Psychiatrists debate ‘over-diagnosis’ of depression

Two leading psychiatrists writing in the British Medical Journal have sparked a debate over whether too many people are being diagnosed with depression.

Professor Gordon Parker of the University of New South Wales in Australia argues that the threshold for clinical depression is too low and that many people being prescribed anti-depressants are not really depressed, just unhappy.

Professor Parker called depression a ‘catch-all’ diagnosis driven by clever marketing that supports a thriving prescription drug industry and said ‘over-diagnosis’ of depression could lead to normal emotional states being treated as an illness.

But Professor Ian Hickie, executive director of the Brain and Mind Research Institute at Sydney University, writing in the same issue of the BMJ, said: “The real harm comes from not receiving a diagnosis or treatment when you have a life-threatening condition like depression.

“Large GP-based audits in the UK, Australia, and New Zealand do not support the notion that depression is now over-diagnosed or treated exclusively with anti-depressants.”

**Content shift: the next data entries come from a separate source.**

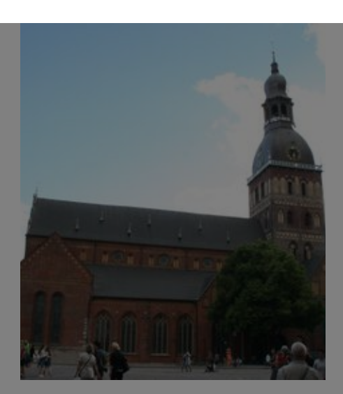
POSTED ON 01 JUN 2018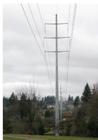
Sample Pole and Wiring Configuration Pole heights will range from 95 ft to 125 ft : energizeeastside.com/design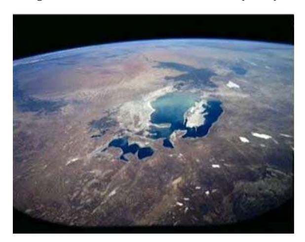
Figure -1b: SHRINKING OF ARAL SEA (1997)

Professor Hickie claimed that increased diagnosis of depression has resulted in lower rates of suicide and encouraged a more understanding public attitude to mental illness.

The debate has been taken up by mental health experts in the UK and Dr Andrew McCulloch, chief executive of the Mental Health Foundation said it was ‘very unlikely’ that depression was over-diagnosed in the UK.

He said it was more the case that many people did not seek help because they did not recognise the symptoms of depression.

However, he also agreed that doctors were too readily providing medication when alternative treatments could be more effective.

“Medication is relied upon heavily in the UK by GPs and patients, and is often
prescribed when an alternative might have been more suitable,” he said.

The World Health Organisation predicts that, by 2020, depression will be the second most serious disease globally after chronic heart disease.